Figure 8. Heatmap of predicted microbial functional gene abundance in pure xylose fermentation based on the KEGG database using PICRUSt (S, activated sludge; M, methanogenic digester slurry; MC, Fe/Mn-modified straw biochar addition; N, control group).

4. Conclusions

This study establishes Fe/Mn-modified biochar-augmented methanogenic digester slurry (MMC) as the optimal inoculum for biohydrogen production, achieving a yield of 2.57 ± 0.10 mol-H₂/mol-mixed sugar and a 14.9–35.8% enhancement over untreated controls. When applied to the inoculum, biochar supplementation synergistically alleviated glucose-mediated catabolite repression in mixed sugar systems, enabling complete substrate utilization in all three types of mixed-sugar (75% xylose + 25% glucose, 50% xylose + 50% glucose, 25% xylose + 75% glucose).

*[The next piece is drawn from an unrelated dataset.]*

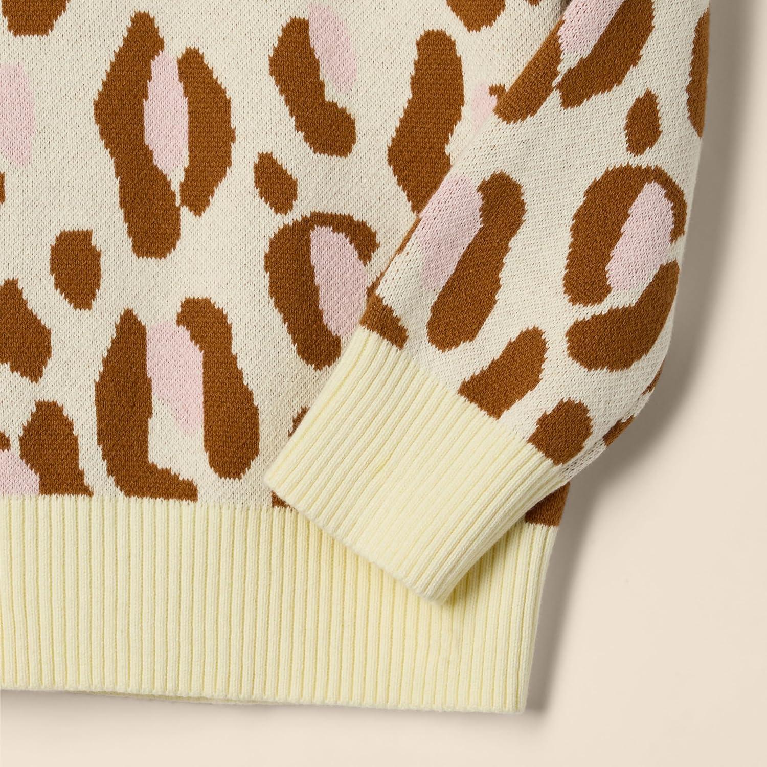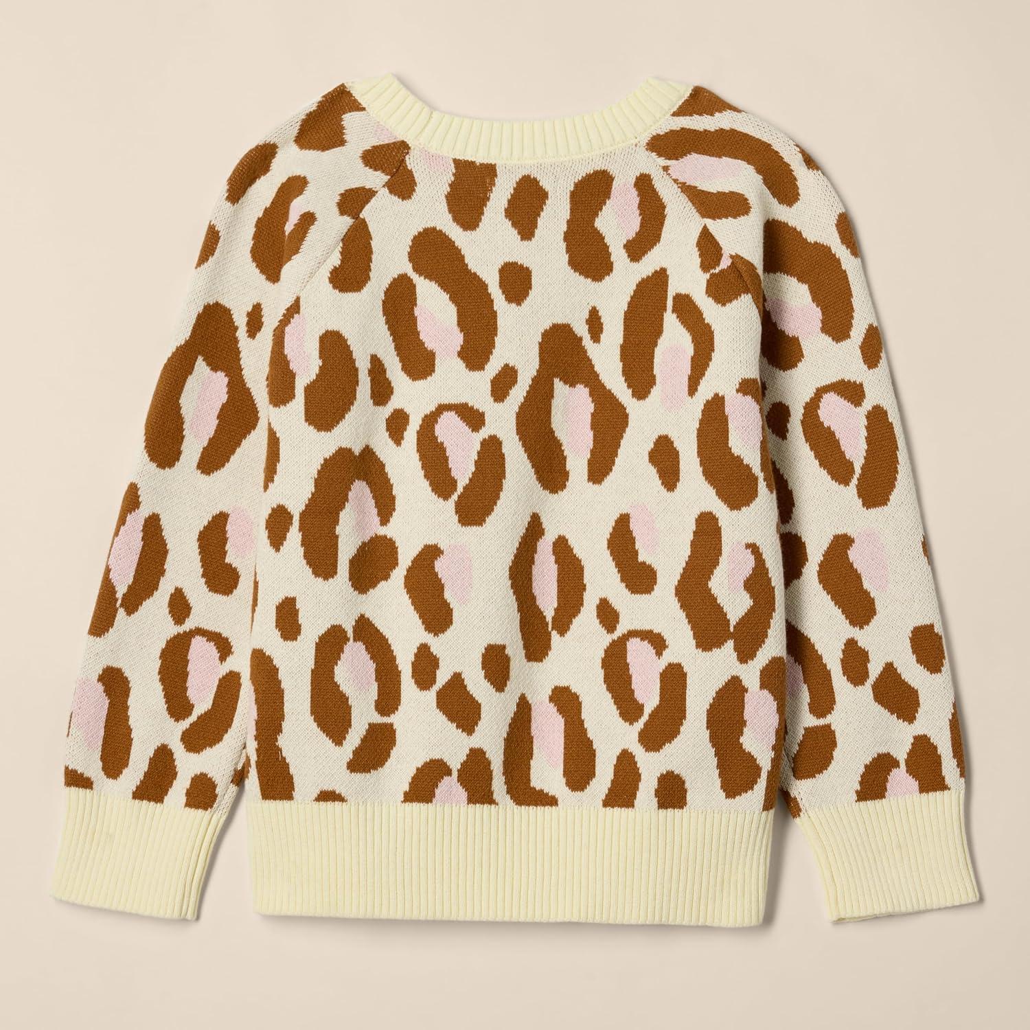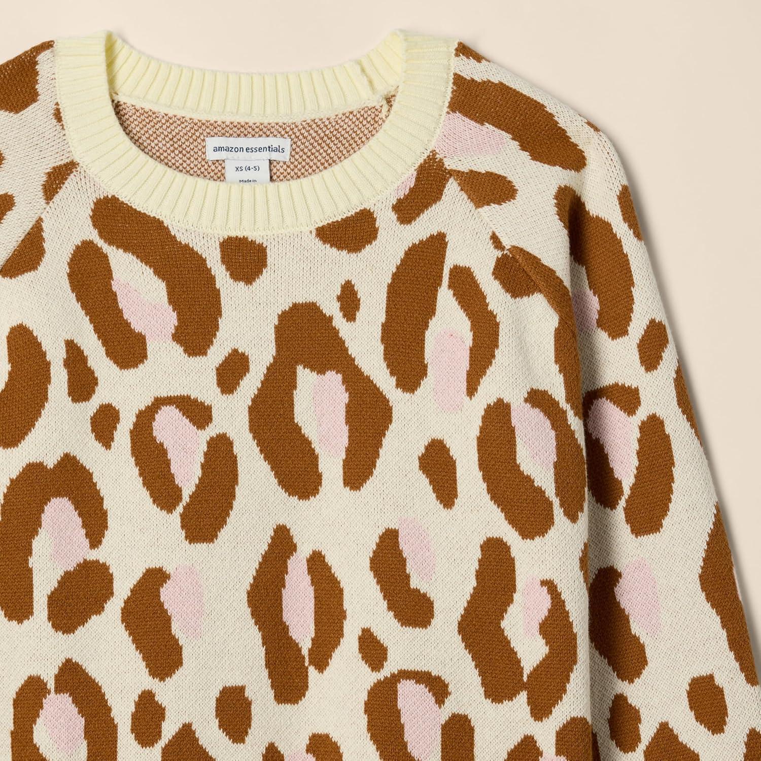 Amazon Essentials Girls and Toddlers’ Pullover Crewneck Sweater(Ivory Leopard)

As an electron conduit, modified biochar promoted the formation of conductive EPS networks, facilitating direct electron transfer from enriched HBP. Under modified biochar enhancement, the xylose-metabolizing enzymes and xylulokine genes of Clostridium sensu stricto_11, which are dominant, are fully expressed, and butyrate fermentation is mainly carried out, reducing the transfer of electrons to the lactate/propionic acid pathway. Future work should translate this serum-bottle screening strategy to lab- and pilot-scale reactors to validate performance and assess techno-economic feasibility.